【現代恋愛】【完結】執着的な御曹司は15年越しの愛を注ぐ
 膝に力が入らなくなって、誠さんに腰を支えられてしまう。

「まこと、さん」

「……さすがにゆきのを目の前にして2回連続のお預けはできそうもないな」

「きゃ……っ!」

 1人で立つことさえままならなくなっている私を、誠さんは軽々と抱き上げて、ベッドの上に下ろした。
 誠さんが私の上にジャケットを脱いで、ネクタイを緩めながら覆いかぶさる。
 片手で間接照明以外のライトが落とされて、これから始まる行為に緊張が走る。

「……昨日の朝だって少しでも触れられればそのまま襲いかかってしまいそうで自分が怖かったくらいだ」

 冗談っぽく笑う彼に、私は醜態を思い出して誠さんの下でわたわたと焦る。
 朝、ネクタイに触れようとして避けられたまさかの理由に一気に恥ずかしくなってくる。
 誠さんが私の腰を浮かせて、ドレスの背中のファスナーをゆっくりと下す。そして、ぴたりと止めた。

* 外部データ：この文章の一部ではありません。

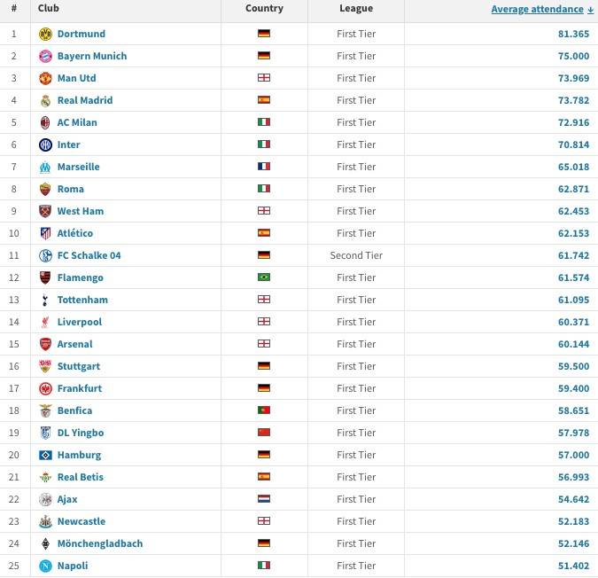 สโมสรที่จัดอันดับที่ 26 ถึง 53 มีดังนี้: 26. ลียง, จำนวนผู้ชมเฉลี่ย: 50,852 คน 34. ปารีส แซงต์-แชร์กแมง, จำนวนผู้ชมเฉลี่ย: 47,644 คน 41. ปักกิ่ง กั๋วอัน, จำนวนผู้ชมเฉลี่ย: 45,422 คน 44. แมนเชสเตอร์ ซิตี้, จำนวนผู้ชมเฉลี่ย: 43,605 คน 45. เอฟเวอร์ตัน, จำนวนผู้ชมเฉลี่ย: 43,337 คน 50. แอสตัน วิลล่า, จำนวนผู้ชมเฉลี่ย: 41,167 คน 51. ยูเวนตุส, จำนวนผู้ชมเฉลี่ย: 41,089 คน 52. เฉิงตู รงเฉิง, จำนวนผู้ชมเฉลี่ย: 40,820 คน 53. เชลซี, จำนวนผู้ชมเฉลี่ย: 39,766 คน

「……今ならまだ止められる。嫌なら言ってくれ。最愛の妻に手荒な真似はしたくない」

 妻、その言葉にどきりとした。そうだ。私はこの人の、誠さんの妻で、誠さんは私の夫なのだと改めて自覚する。

「……嫌なはず、ないです。私の夫なら我慢しないでください。私も、我慢しないです」

 言葉がしり窄みになる。自分で言っていて恥ずかしい。誠さんの綺麗な瞳が大きく開かれて、愛おしげに細められる。